I didn’t even hang up. I just dropped the phone on the floor, flew out the front door, and ran the three blocks to my mom’s work.
She believed me. She knew we weren’t alone in the house. She had her own experiences by that time — we all had. But that was the first time I felt threatened and afraid.
It wasn’t unusual for plates to slide across the counter. Many people will try to attribute that to steam under the plate, but it happened on every counter and the kitchen table, with dry plates and dry surfaces. Lights would turn on and off, and doors would open and close. Those types of incidents were so commonplace in my house as to be unremarkable. Bigger things — stranger things — started slowly and built over the years until my parents finally sold the house in the early 2000s.
As a teenager, I leaned heavily into the spooky stuff, embracing horror movies and haunted houses. When I didn’t have a Ouija board of my own, I DIYed one, using handwritten letters taped to my wooden bedroom floor, with an empty cassette tape case for the planchette. It worked, and my best friend and I talked to Mable, as well as another entity who said it was not Mable, a few times before I got scared and put the liner notes and cassette back in the tape case and never tried again.

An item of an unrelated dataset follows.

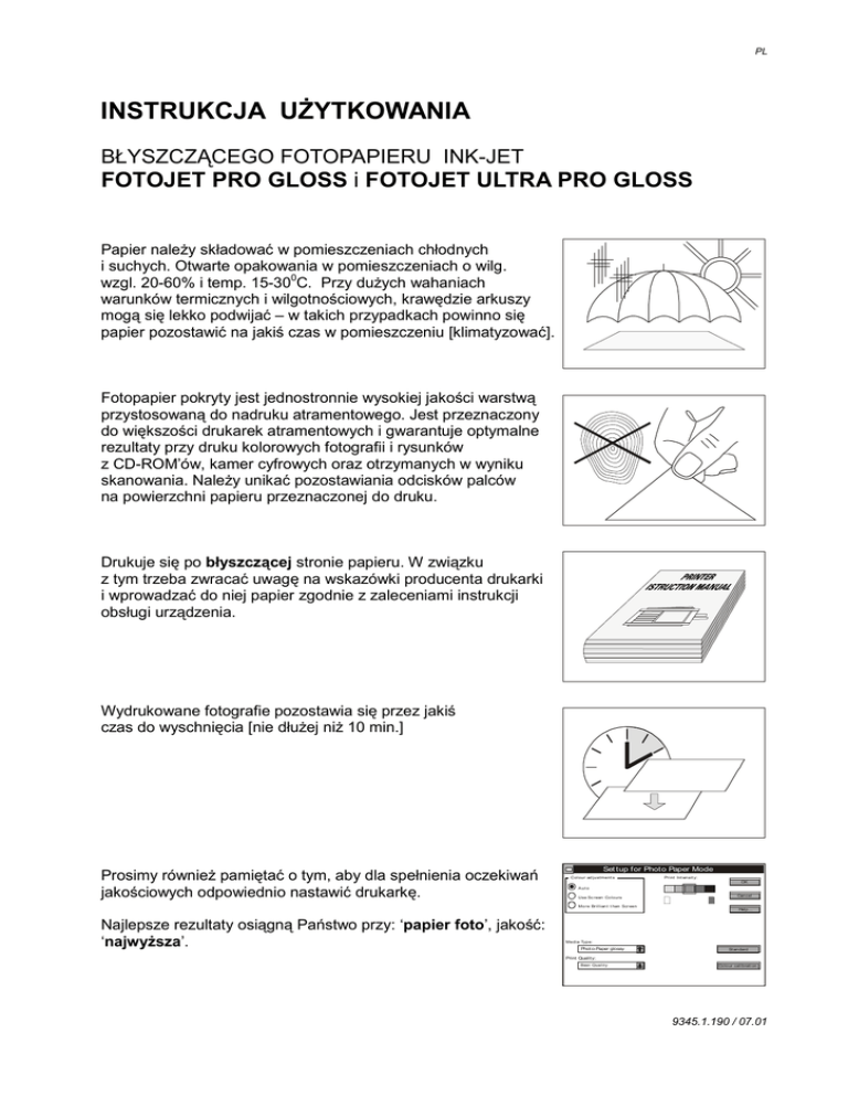 PL INSTRUKCJA U YTKOWANIA B&YSZCZ)CEGO FOTOPAPIERU INK-JET FOTOJET PRO GLOSS i FOTOJET ULTRA PRO GLOSS Papier nale0y sk2adowa4 w pomieszczeniach ch2odnych i suchych. Otwarte opakowania w pomieszczeniach o wilg. wzgl. 20-60% i temp. 15-300C. Przy du0ych wahaniach warunków termicznych i wilgotno>ciowych, kraw@dzie arkuszy mogA si@ lekko podwija4 – w takich przypadkach powinno si@ papier pozostawi4 na jaki> czas w pomieszczeniu [klimatyzowa4]. Fotopapier pokryty jest jednostronnie wysokiej jako>ci warstwA przystosowanA do nadruku atramentowego. Jest przeznaczony do wi@kszo>ci drukarek atramentowych i gwarantuje optymalne rezultaty przy druku kolorowych fotografii i rysunków z CD-ROM’ów, kamer cyfrowych oraz otrzymanych w wyniku skanowania. Nale0y unika4 pozostawiania odcisków palców na powierzchni papieru przeznaczonej do druku. Drukuje si@ po b yszcz cej stronie papieru. W zwiAzku z tym trzeba zwraca4 uwag@ na wskazówki producenta drukarki i wprowadza4 do niej papier zgodnie z zaleceniami instrukcji obs2ugi urzAdzenia. Wydrukowane fotografie pozostawia si@ przez jaki> czas do wyschni@cia [nie d2u0ej ni0 10 min.] Prosimy równie0 pami@ta4 o tym, aby dla spe2nienia oczekiwaH jako>ciowych odpowiednio nastawi4 drukark@. Set tup for Photo Paper Mode Colour ad just ment s Use Sc reen Co lours Mo re Brillian t t han Scr een Najlepsze rezultaty osiAgnA PaHstwo przy: ‘papier foto’, jako>4: ‘najwy'sza’. Print Int ensit y: OK Au t o Cancel Help... Media Type: Phot o-Paper glossy St andard Print Quality: Best Qualit y Colour calibrat ion 9345.1.190 / 07.01

Once I left for college, my mom was alone in the house during the week — my father worked out of town and only came home on weekends. And she had a few terrifying experiences that she told me about after they happened but would never discuss again. One night, as she laid in bed, the house was noisy, and she couldn’t sleep, so, as we did, she asked Mable to pipe down. A male voice spoke, “I am not Mable.” Mom said the voice was disembodied and wispy, an ephemeral voice that came from nowhere. After that, she was convinced there were two spirits in the house and that Mable had been protecting us from a malevolent being for all those years.
I agreed with her.
When you live in a house like the house I grew up in, or in any house, you convince yourself that whatever happens in your house is normal because it’s all you know. I knew it was unsettling, sometimes scary, and sometimes downright terrifying, but it was all I knew. Lying in bed at night listening to the house move and rattle, knowing that your door would most likely open on its own and then slam again while you were trying to go to sleep, hearing whispers in dark rooms, and feeling your skin prickle as you laid there was my normal.

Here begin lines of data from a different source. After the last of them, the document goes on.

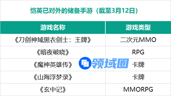 “研发、发行、投资+IP”的三核驱动,让恺英的产品储备在短时间内丰富了起来。据手游那点事统计,恺英的产品储备超过5款,涵盖了卡牌、MMORPG以及二次元这几个赛道。
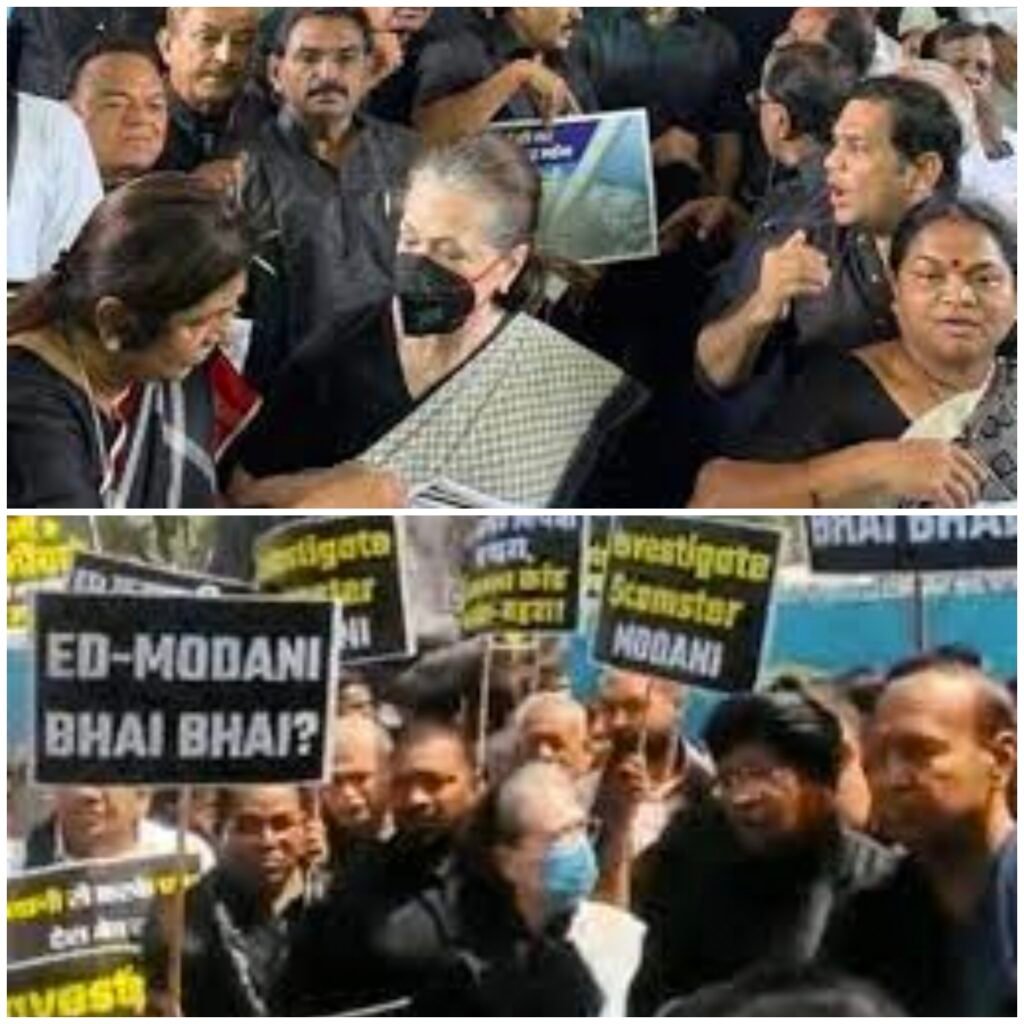 कांग्रेस और विपक्ष के कुछ सांसदों ने सोमवार को काले कपड़े पहनकर राहुल की सदस्यता जाने और अदाणी मुद्दे पर प्रदर्शन किया। इस दौरान कांग्रेस अध्यक्ष मल्लिकार्जुन खरगे काले कुर्ते में और यूपीए चेयरपर्सन सोनिया गांधी भी इसी वेशभूषा में दिखीं। वहीं राहुल गांधी की लोकसभा सदस्यता जाने के मुद्दे को लेकर विपक्षी दलों के सांसदों ने काले कपड़े पहनकर संसद परिसर में महात्मा गांधी प्रतिमा के पास विरोध प्रदर्शन किया।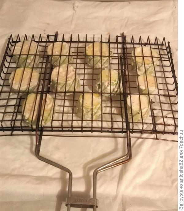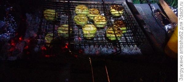 В это время подготовить мангал. По истечении одного часа поставить решетку на мангал, периодически переворачивать ее. Довести кабачки до готовности.

I didn’t realize just how much it had affected me until I was married and in a home of my own. My husband and I were home one night and there was a strange noise in our house. Jokingly, he said, “Maybe we have a ghost.” Our house was built in the 1940s, so it wasn’t outside the realm of possibility. That was when I had my first-ever panic attack.
My family lived in that house for 20 years, and these aren’t even a drop in the bucket of things we experienced. The house recently came on the market again, and, thankfully, it’s way outside my budget; while I was tempted, maybe somewhat masochistically, I can’t convince myself that it would be good to live with Mable again.
Now that I’m well into middle age with children of my own, I still lean into the spooky side of life. I love scary movies — the creepier, the better. But haunted house stories, when done well, make me panic. I’ve always said my dream is to live in an old farmhouse or renovate a dilapidated Victorian. If push came to shove, though, I honestly think I’d opt for a nice, sturdy ranch house with one previous owner who absolutely did not die in the house; if they did, I hope they were surrounded by love and light, and not left, forgotten and alone for so long that their spirit became restless and now wanders the halls looking for a family to belong to again.